Com base no voto vencido, que não considerava a Lei Maria da Penha aplicável em relação à cunhada, a defesa interpôs embargos infringentes. O TJDF negou provimento. “A pretensão do legislador foi abarcar toda mulher em situação de desigualdade e submetida a sevícias por quem quer que seja no âmbito da convivência doméstica e familiar, dispensando a existência de relação amorosa ou afetividade profunda”, considerou o desembargador.
Qualquer situação
Segundo o TJDF, o legislador não tratou apenas da proteção à mulher na convivência conjugal ou marital. “Qualquer situação de risco, no âmbito familiar ou doméstico, em que seviciada a mulher, abre espaço para submissão do agente aos ditames da Lei 11.340”, considerou.

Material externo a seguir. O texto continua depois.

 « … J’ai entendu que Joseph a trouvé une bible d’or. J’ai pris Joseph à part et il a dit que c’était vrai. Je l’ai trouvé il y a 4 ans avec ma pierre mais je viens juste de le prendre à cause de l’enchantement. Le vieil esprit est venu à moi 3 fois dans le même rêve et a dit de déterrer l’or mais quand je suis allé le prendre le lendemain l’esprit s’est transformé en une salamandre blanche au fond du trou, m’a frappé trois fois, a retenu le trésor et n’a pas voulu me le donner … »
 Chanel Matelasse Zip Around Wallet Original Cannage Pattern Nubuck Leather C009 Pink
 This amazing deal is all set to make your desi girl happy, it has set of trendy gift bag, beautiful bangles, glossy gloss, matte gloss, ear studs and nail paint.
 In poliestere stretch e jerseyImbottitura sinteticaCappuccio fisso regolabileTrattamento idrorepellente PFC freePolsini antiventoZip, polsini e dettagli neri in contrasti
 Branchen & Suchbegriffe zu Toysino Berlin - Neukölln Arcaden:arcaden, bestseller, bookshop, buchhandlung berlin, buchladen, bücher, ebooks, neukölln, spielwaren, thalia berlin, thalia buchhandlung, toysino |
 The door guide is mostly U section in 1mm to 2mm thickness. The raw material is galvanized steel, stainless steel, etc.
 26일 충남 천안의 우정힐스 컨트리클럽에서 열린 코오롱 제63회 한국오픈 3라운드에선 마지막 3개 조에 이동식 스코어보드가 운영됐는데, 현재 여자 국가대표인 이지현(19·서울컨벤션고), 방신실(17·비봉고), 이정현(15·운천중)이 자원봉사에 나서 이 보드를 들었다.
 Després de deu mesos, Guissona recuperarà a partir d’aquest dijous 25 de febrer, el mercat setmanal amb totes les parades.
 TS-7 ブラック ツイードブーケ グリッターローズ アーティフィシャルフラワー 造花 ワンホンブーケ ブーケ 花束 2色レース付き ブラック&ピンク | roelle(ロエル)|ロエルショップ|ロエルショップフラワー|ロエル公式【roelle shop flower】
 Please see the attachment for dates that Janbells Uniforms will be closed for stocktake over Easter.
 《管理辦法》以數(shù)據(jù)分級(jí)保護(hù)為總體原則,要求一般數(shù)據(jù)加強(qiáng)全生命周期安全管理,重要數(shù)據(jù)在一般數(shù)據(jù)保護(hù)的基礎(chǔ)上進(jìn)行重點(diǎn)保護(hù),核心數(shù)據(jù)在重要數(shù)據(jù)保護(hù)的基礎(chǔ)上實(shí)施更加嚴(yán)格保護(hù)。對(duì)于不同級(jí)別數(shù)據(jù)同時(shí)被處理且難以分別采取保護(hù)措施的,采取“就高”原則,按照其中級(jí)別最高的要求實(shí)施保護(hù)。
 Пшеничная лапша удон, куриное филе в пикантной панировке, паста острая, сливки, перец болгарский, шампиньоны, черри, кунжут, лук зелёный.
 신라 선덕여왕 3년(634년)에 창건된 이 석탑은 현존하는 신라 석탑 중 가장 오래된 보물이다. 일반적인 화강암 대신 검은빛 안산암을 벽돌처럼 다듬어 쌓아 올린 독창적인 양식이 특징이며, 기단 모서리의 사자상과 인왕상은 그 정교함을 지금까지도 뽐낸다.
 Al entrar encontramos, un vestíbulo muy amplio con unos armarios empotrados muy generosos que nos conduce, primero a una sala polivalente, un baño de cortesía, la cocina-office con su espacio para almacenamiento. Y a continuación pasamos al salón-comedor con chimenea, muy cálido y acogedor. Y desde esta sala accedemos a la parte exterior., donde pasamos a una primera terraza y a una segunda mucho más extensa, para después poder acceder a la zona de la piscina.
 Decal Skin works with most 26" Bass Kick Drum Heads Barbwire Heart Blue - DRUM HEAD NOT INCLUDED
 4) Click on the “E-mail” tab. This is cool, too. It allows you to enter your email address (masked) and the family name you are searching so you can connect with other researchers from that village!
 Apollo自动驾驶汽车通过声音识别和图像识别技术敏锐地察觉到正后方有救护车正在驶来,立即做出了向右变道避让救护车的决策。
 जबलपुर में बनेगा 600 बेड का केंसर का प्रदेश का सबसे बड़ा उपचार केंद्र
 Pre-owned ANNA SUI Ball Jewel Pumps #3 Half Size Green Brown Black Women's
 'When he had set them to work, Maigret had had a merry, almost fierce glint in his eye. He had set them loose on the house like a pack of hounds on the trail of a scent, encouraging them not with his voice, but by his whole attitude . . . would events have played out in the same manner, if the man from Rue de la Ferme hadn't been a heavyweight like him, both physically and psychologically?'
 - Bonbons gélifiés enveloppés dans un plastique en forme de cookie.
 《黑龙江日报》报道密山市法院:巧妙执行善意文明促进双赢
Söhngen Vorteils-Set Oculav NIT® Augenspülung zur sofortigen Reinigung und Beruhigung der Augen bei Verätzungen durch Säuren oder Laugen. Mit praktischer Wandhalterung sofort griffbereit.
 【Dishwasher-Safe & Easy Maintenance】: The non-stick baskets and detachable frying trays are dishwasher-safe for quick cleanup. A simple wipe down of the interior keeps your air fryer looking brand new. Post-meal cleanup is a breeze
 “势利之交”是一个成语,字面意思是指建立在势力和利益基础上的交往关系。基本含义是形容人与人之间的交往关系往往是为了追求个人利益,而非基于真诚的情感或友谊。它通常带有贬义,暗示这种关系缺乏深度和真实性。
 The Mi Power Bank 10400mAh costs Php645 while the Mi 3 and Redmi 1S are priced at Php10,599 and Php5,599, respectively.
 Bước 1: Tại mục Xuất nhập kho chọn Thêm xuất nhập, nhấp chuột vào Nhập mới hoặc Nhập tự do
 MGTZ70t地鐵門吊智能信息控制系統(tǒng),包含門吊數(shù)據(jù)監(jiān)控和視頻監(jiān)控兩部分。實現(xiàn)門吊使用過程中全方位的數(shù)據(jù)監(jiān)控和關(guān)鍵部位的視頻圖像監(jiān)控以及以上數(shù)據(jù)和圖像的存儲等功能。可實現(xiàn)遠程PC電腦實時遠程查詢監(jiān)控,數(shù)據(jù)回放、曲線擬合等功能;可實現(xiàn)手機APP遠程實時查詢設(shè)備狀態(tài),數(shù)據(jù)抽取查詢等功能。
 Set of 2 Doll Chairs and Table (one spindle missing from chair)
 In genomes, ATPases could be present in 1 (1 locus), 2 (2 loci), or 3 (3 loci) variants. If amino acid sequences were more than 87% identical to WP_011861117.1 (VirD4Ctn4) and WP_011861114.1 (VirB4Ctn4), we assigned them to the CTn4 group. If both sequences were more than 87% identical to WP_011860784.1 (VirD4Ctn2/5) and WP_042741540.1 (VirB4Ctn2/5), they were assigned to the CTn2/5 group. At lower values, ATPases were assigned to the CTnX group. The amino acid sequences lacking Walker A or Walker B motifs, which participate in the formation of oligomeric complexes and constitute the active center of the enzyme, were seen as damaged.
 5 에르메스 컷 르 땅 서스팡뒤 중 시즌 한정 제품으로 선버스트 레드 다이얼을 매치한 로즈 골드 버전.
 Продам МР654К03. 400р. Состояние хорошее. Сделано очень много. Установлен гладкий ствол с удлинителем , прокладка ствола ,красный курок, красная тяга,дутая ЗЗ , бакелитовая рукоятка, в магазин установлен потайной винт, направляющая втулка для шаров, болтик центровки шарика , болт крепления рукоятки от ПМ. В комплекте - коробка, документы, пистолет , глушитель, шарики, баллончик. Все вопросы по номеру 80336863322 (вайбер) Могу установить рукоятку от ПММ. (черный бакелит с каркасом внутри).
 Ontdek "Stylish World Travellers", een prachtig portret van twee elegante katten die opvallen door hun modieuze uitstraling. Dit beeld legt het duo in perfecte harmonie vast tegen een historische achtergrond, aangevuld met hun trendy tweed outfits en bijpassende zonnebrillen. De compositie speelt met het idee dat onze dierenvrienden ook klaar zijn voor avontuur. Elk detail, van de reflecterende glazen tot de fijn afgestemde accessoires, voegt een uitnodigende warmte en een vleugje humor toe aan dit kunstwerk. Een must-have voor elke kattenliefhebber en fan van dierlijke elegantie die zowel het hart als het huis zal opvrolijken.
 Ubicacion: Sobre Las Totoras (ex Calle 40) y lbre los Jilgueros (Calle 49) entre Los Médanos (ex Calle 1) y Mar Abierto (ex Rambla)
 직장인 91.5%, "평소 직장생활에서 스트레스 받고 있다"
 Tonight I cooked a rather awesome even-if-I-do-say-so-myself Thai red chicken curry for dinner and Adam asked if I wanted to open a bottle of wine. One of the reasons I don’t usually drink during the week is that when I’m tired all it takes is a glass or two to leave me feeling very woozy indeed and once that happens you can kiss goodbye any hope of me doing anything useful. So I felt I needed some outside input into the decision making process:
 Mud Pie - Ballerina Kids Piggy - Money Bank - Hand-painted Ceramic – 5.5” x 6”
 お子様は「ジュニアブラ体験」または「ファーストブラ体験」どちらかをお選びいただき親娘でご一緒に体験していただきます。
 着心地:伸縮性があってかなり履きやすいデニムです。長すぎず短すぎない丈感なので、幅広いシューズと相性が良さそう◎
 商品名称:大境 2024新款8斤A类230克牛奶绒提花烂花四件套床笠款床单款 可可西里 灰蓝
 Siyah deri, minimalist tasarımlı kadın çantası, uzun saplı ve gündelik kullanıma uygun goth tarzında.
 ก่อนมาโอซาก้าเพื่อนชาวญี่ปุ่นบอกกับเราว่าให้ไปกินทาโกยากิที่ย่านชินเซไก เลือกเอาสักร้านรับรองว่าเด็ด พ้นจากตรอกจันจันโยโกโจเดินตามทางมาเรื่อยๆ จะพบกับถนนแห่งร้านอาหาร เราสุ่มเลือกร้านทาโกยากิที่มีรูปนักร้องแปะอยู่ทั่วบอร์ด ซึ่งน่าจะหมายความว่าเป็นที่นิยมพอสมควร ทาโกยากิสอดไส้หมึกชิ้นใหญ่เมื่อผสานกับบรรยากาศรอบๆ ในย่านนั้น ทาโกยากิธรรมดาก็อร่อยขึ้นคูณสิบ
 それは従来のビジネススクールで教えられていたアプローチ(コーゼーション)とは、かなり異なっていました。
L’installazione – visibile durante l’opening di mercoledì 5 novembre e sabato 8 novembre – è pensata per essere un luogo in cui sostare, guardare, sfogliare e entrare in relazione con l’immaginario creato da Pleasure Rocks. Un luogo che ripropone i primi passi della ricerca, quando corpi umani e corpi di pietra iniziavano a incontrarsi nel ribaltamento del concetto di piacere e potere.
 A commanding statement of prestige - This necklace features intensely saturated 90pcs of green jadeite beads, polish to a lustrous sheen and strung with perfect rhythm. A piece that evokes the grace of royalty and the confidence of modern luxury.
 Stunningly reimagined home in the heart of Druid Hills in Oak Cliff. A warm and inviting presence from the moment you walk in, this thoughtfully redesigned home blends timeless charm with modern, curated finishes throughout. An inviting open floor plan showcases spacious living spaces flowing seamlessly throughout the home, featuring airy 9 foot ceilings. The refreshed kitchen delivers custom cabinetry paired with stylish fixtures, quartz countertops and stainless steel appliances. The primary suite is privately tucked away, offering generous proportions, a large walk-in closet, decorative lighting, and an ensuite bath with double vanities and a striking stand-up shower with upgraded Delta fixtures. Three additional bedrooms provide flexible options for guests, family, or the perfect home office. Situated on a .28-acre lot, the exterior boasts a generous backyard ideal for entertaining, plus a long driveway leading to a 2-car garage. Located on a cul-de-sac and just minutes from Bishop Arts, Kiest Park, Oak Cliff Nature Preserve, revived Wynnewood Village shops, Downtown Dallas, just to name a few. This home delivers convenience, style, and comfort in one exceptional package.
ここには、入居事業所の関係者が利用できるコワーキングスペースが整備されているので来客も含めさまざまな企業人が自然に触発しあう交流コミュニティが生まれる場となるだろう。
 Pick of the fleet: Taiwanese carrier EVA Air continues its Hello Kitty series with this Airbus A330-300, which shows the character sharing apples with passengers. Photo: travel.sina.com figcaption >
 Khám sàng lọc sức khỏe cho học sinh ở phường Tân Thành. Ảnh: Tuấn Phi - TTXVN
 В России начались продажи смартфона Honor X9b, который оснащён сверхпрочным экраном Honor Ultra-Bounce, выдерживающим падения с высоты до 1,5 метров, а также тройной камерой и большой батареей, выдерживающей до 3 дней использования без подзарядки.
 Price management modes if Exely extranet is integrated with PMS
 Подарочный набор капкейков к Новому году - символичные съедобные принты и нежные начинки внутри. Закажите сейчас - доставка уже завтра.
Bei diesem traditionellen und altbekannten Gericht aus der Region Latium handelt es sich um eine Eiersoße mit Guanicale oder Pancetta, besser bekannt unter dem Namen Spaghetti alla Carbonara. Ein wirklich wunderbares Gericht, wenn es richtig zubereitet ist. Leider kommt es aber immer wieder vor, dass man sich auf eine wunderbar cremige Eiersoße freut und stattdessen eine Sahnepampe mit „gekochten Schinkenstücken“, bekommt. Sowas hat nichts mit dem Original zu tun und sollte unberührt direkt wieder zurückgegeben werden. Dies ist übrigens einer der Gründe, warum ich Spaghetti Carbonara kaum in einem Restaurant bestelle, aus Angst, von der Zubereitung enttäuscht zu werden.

No habeas corpus dirigido ao STJ, a defesa sustentou que não há notícia sobre relação íntima de afetividade entre o paciente e a suposta vítima, nem de submissão financeira ou moral da agredida ao acusado, uma vez que eles apenas residiam na mesma casa, o que, por si só, seria incapaz de justificar a aplicação da Lei Maria da Penha.
A Quinta Turma discordou e negou o habeas corpus. “A Lei 11.340 tem o intuito de proteger a mulher da violência doméstica e familiar que lhe cause morte, lesão, sofrimento físico, sexual ou psicológico e dano moral ou patrimonial”, observou a ministra Laurita Vaz, relatora do caso. Segundo ela, para que a lei seja aplicada, é preciso que a agressão seja cometida “no âmbito da unidade doméstica, da família ou em qualquer relação íntima de afeto”.
Ela observou que, de acordo com a jurisprudência do STJ, “a relação existente entre os sujeitos ativo e passivo deve ser analisada em face do caso concreto, para verificar a aplicação da Lei Maria da Penha, sendo desnecessário configurar a coabitação entre eles”. No caso em julgamento, acrescentou a ministra, a vítima era irmã da companheira do agressor e fazia mais de um ano que vinha morando na mesma casa.
“Nesse contexto, inarredável concluir pela incidência da Lei n.º 11.343, tendo em vista o sofrimento físico em tese sofrido por mulher em âmbito familiar, nos termos expressos do artigo 5.º, inciso II”, concluiu a ministra.